Python Celery & RabbitMQ Tutorial

Celery is an asynchronous task queue. It can be used for anything that needs to be run asynchronously. For example, background computation of expensive queries. RabbitMQ is a message broker widely used with Celery. In this tutorial, we are going to have an introduction to basic concepts of Celery with RabbitMQ and then set up Celery for a small demo project. At the end of this tutorial, you will be able to setup a Celery web console monitoring your tasks.

celery-flower

Basic Concepts

Let’s use the below graphic to explain the foundations:celery_architecture_final

Broker

The Broker (RabbitMQ) is responsible for the creation of task queues, dispatching tasks to task queues according to some routing rules, and then delivering tasks from task queues to workers.

Consumer (Celery Workers)

The Consumer is the one or multiple Celery workers executing the tasks.
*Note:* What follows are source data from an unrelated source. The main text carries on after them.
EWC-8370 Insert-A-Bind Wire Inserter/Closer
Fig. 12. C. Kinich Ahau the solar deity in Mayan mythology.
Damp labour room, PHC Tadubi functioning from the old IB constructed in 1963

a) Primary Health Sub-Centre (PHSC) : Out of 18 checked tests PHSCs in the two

You could start many workers depending on your use case.

Result Backend

The Result Backend is used for storing the results of your tasks. However, it is not a required element, so if you do not include it in your settings, you cannot access the results of your tasks.

Install Celery

First, we need to install Celery, which is pretty easy using PyPI:


$ pip install celery

Note that it would be better to do this using a virtual environment.

Choose a broker: RabbitMQ

This is where the confusion begins. Why do we need another thing called broker? It’s because Celery does not actually construct a message queue itself, so it needs an extra message transport (a broker) to do that work. You can think of Celery as a wrapper around a message broker.
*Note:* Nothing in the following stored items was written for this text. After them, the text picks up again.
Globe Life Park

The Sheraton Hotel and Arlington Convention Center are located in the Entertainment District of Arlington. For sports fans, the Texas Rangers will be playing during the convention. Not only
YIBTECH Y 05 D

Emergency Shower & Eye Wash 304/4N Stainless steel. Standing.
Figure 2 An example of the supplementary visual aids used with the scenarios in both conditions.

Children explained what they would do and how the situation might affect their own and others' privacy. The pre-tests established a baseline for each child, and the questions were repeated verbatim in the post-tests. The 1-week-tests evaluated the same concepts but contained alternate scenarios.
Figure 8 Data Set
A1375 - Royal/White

In fact, you can choose from a few different brokers, like RabbitMQ, Redis, or a database (e.g., a Django database).

In this tutorial, we are using RabbitMQ as our broker because it is feature-complete, stable and recommended by Celery. In Mac OS, it is easy to install RabbitMQ using Homebrew:


$ brew install rabbitmq
# if you are using Ubuntu or Debian, try:
# sudo apt-get install rabbitmq-server

Start RabbitMQ

Homebrew will install RabbitMQ in /usr/local/sbin although some systems may vary. You can add this path to the environment variable PATH for convenient usage later. For example, open your shell startup file (eg.~/.bash_profile) and add the following line:


PATH=$PATH:/usr/local/sbin

Now we can start the RabbitMQ server using the command rabbitmq-server. You will see similar output if the RabbitMQ server starts successfully.


$ rabbitmq-server

              RabbitMQ 3.5.1. Copyright (C) 2007-2014 GoPivotal, Inc.
  ##  ##      Licensed under the MPL.  See http://www.rabbitmq.com/
  ##  ##
  ##########  Logs: /usr/local/var/log/rabbitmq/rabbit@localhost.log
  ######  ##        /usr/local/var/log/rabbitmq/rabbit@localhost-sasl.log
  ##########
              Starting broker... completed with 10 plugins.

Configure RabbitMQ for Celery

Before we can use RabbitMQ for Celery, we need to do some configurations for RabbitMQ. Briefly speaking, we need to create a virtual host and user, then set user permissions so it can access the virtual host.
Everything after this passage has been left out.